Intellectual property rights consist of a bundle of different rights, most of which in the UK have been created by statute and which are subject to international treaties where the signatory states grant broadly similar rights to those in the UK, thus enabling the UK owner of intellectual property rights to own and exploit similar rights in other countries.

The exact mechanism for achieving this depends on the rights and countries in question but with planning and strategic thinking it is possible for a rights holder based in the UK to become the owner of a range of international rights which will enable it to pursue a licensing strategy on a global or substantially global basis.

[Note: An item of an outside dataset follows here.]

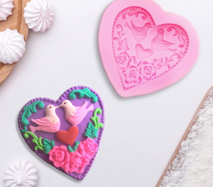 Молд силиконовый 6,8×6,2 см "Сердце с голубками"
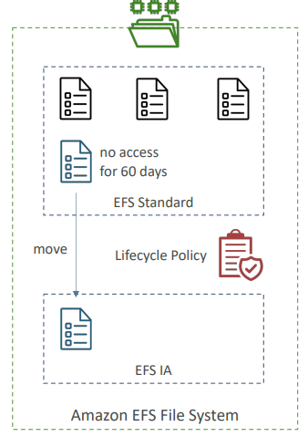 - EFS-IA : infrequent access(자주 사용 안하는 파일), 스토리지 비용이 저렴하다.

The majority of these rights are regarded by most jurisdictions as property rights and may therefore be the subject of a variety of legal transactions such as assignments, licences and charges. The intellectual property rights which may be the subject of a licensing strategy may include the following:

  • Patents rights

Patent rights which protect inventions. The advantage of patent rights to a company is that they create a clearly marked area of technology into which competitors may not stray without the risk of becoming subject to an infringement action. Businesses can then develop their protected technology free from unfair competition. Patents are also useful – if not crucial -  for the purpose of raising finance and obtaining investment (since patents are a verifiable asset on which investors and lenders can rely). Further they facilitate the granting of rights to third parties who may wish to develop and exploit the rights and will pay for the right to do so (since patents will protect the business in which they will invest).

  • Copyrights

Copyrights are a valuable right which can be used to protect the economic value of many types of work including software and databases not least because it can last for a very long time (in many cases more than 70 years). It is an inexpensive right since it comes into being upon the creation of a qualifying work. Like other property rights it can be licensed, assigned and charged.

  • Confidential information and know how

The rights in which are based upon the right to take action for breach of contract or for a breach or duty to prevent unauthorised use or disclosure of the information in question – if it is confidential.

  • Trade marks

Trade marks protect the branding of the technology and are useful to develop the goodwill and reputation of the business that owns the technology; they can be useful to continue to protect the owner’s market notwithstanding the expiry of other rights such as patents.

  • Registered designs

Registered designs can be used to protect the design of aspects of products.

  • Unregistered designs

Unregistered designs can also be used to protect the design of products but typically have a shorter life than registered designs and do not need to undergo a formal registration process so are cheaper to obtain.

  • Database rights

Database rights are primarily a UK and EU right which protection certain databases from unauthorised extraction and re-utilisation of the data in them.

In order to be able to exploit an intellectual property right by licensing the rights to a third party it is critical for the would-be licensor either to own the rights in question or to be a licensee of such rights with the right to sub-license them. Typically the creator or author of the technology or works to which the rights relate will be the first owner – or it will be the employer of such rights. However it is increasingly common for entities to employ the services of consultants or other contractors to develop such work and if this is the case it is crucial they obtain assignments of the rights in questions in order to protect them (e.g. by filing patent applications in respect of the technology), to maintain and enforce such rights and to seek investment on the basis that they are owned by the entity seeking investment. It is very common in the headlong rush to develop technology that this is forgotten about which can have dire consequences down the line.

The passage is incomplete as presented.